My first hosts IP is 192.168.1.3.
First docker host:
version: '3.8'
services:
node01:
image: crate:5.1.1
ports:
- "4201:4200"
- "4301:4300"
- "5434:5432"
volumes:
- /u04/data/crate/01:/data
command: ["crate",
"-Ccluster.name=crate-docker-cluster",
"-Cdiscovery.seed_hosts=node02",
"-Cnode.name=node01",
"-Cnode.data=true",
"-Cnetwork.host=_site_",
"-Cgateway.expected_data_nodes=2",
"-Cgateway.recover_after_data_nodes=2",
"-Ccluster.initial_master_nodes=node01,node02"]
deploy:
replicas: 1
restart_policy:
condition: on-failure
environment:
- CRATE_HEAP_SIZE=4g
node02:
image: crate:5.1.1
ports:
- "4202:4200"
- "4302:4300"
volumes:
- /u04/data/crate/02:/data
command: ["crate",
"-Ccluster.name=crate-docker-cluster",
"-Cdiscovery.seed_hosts=node01",
"-Cnode.name=node02",
"-Cnode.data=true",
"-Cnetwork.host=_site_",
"-Cgateway.expected_data_nodes=2",
"-Cgateway.recover_after_data_nodes=2",
"-Ccluster.initial_master_nodes=node01,node02"]
deploy:
replicas: 1
restart_policy:
condition: on-failure
environment:
- CRATE_HEAP_SIZE=4g
Second docker host
version: '3.3'
services:
node03:
image: crate:5.1.1
ports:
- "4201:4200"
- "4301:4300"
- "5434:5432"
volumes:
- /u04/data/crate/01:/data
command: ["crate",
"-Ccluster.name=crate-docker-cluster",
"-Cdiscovery.seed_hosts=192.168.1.3:4301,192.168.1.3:4302",
"-Cnode.name=node03",
"-Cnode.data=true",
"-Cnetwork.host=_site_",
"-Cgateway.expected_data_nodes=2",
"-Cgateway.recover_after_data_nodes=2",
"-Ccluster.initial_master_nodes=node01,node02"]
environment:
- CRATE_HEAP_SIZE=4g
Errors when starting the node on the second host
node03_1 | [2022-11-22T12:20:36,134][INFO ][o.e.n.Node ] [node03] initialized
node03_1 | [2022-11-22T12:20:36,134][INFO ][o.e.n.Node ] [node03] starting ...

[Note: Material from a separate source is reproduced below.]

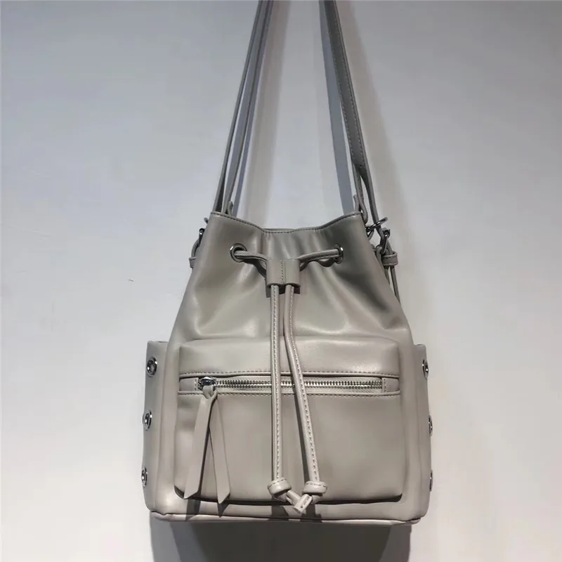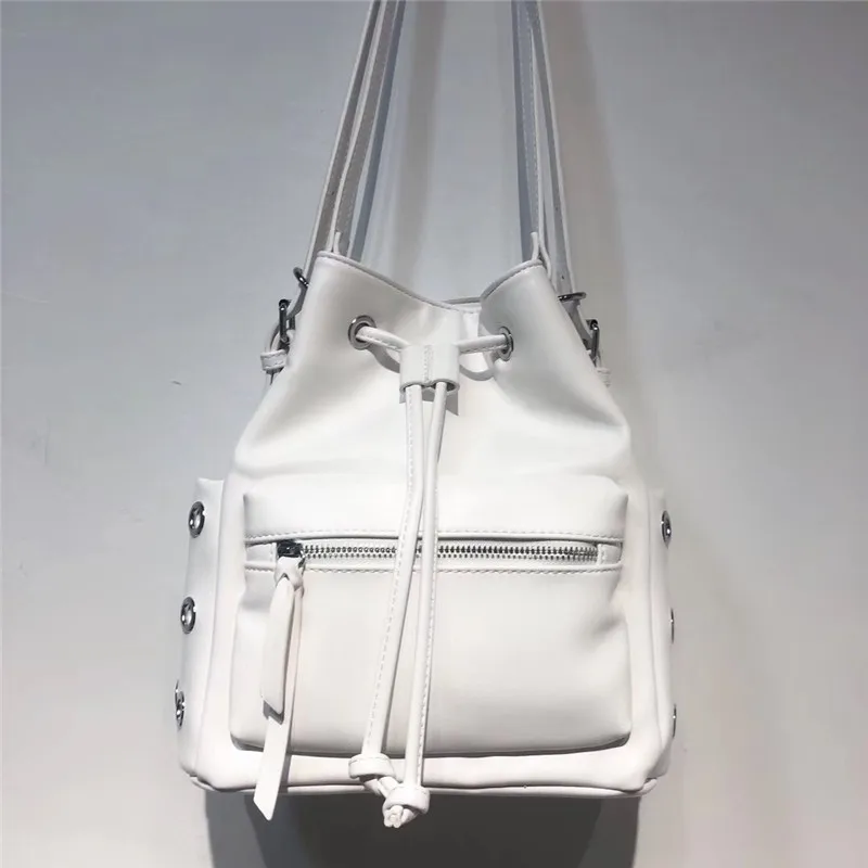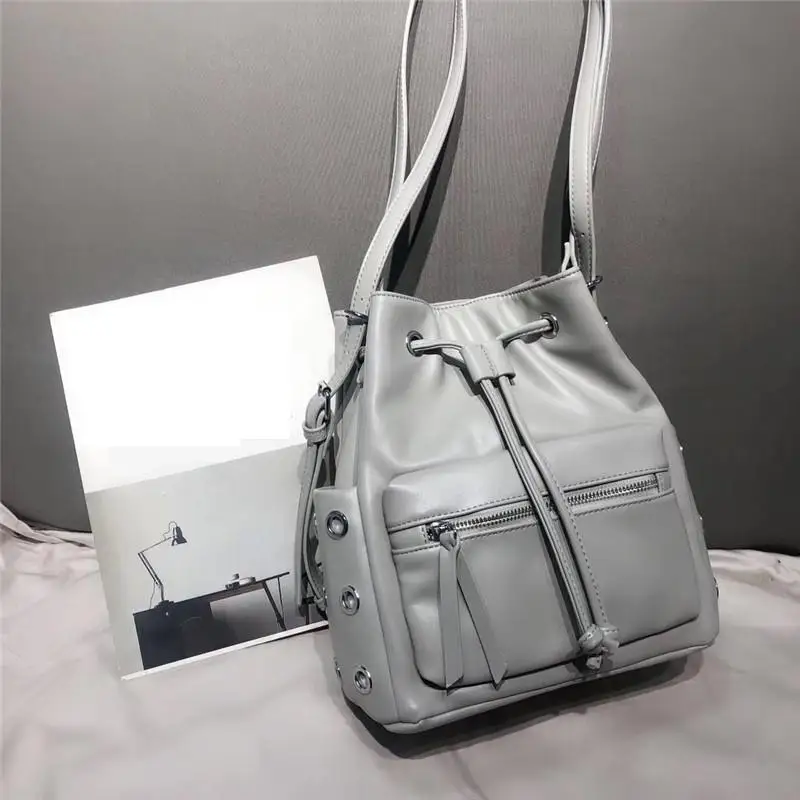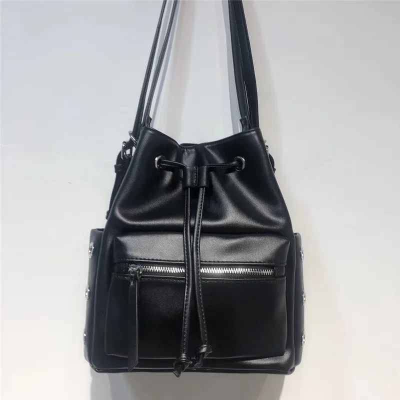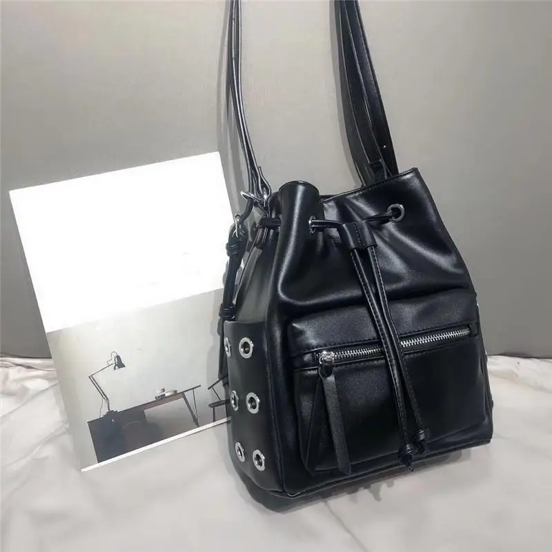 TYxISnWwKDHere you can buy New European And American Fashion Motorcycle Style Shoulder Bag Women's Rivet Drawstring Pocket Large Capacity Bucket Bag Women with free delivery to your post office.

node03_1 | [2022-11-22T12:20:36,181][INFO ][psql ] [node03] publish_address {172.18.0.2:5432}, bound_addresses {172.18.0.2:5432}
node03_1 | [2022-11-22T12:20:36,187][INFO ][o.e.h.n.Netty4HttpServerTransport] [node03] publish_address {172.18.0.2:4200}, bound_addresses {172.18.0.2:4200}
node03_1 | [2022-11-22T12:20:36,197][INFO ][o.e.t.TransportService ] [node03] publish_address {172.18.0.2:4300}, bound_addresses {172.18.0.2:4300}
node03_1 | [2022-11-22T12:20:36,359][INFO ][o.e.b.BootstrapChecks ] [node03] bound or publishing to a non-loopback address, enforcing bootstrap checks
node03_1 | [2022-11-22T12:20:36,369][INFO ][o.e.c.c.ClusterBootstrapService] [node03] skipping cluster bootstrapping as local node does not match bootstrap requirements: [node01, node02]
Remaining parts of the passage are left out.